At least with the last gf I made it clear that I wanted to breakup when I pissed on her floor @ 3am as her roommate watched in contempt
I don't know what kind of drugs you were on last night but you kept trying to highlight my face because you said I was important
i will replace your cream cheese. there's enough for breakfast. you are my friend. i had guests we wanted bagels so bad im sorry. i left you notes. i love you. you have enough for a bagel or two and i will get you more. you are so pretty.
i just bought plan b at the bus station. happy holidays and welcome to a new level of white trashiness.
there are chunks of pepperoni under the sheets. can you be here in 10? breakfast in bed?
Going home with an argentinian named sulvio. Ill let you know how it goes.

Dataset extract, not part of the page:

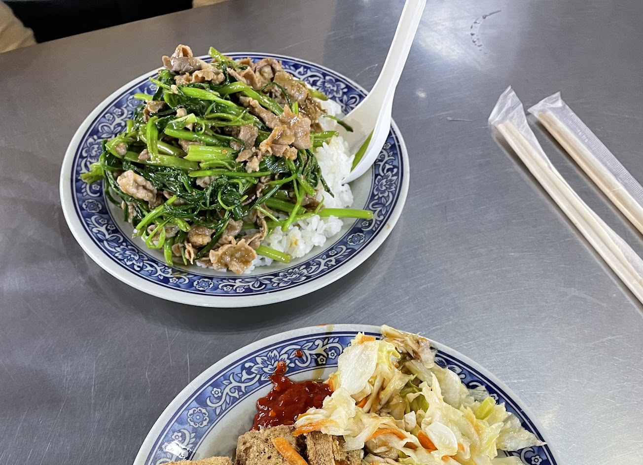 點了沙茶羊肉飯、乾麵線跟臭豆腐,白飯給超多,適合很餓的人;麵線鹹度適中,蠻好吃的;最喜歡炸的酥脆外層的臭豆腐,泡菜也很好吃!整體來說都蠻油的,大家參考一下。

all i remember is him tryin to explain to the girls how to effectively hit the strip club with their bfs
hes actually pretty persuasive when he drinks
Tonight, I'll be cleaning. And by cleaning, I mean drinking booze and spraying everything with Febreze.
My sharpie cut off line was invaded last night. Where's my turtleneck?
Can we make a sex game out of monopoly somehow?
You'd think the dry cleaners next door would be less judgmental for as much business as my theme parties bring them.
Feels like I ran a marathon last night. A tequila marathon.
I don't know why, but whenever I shave my balls I feel more aerodynamic.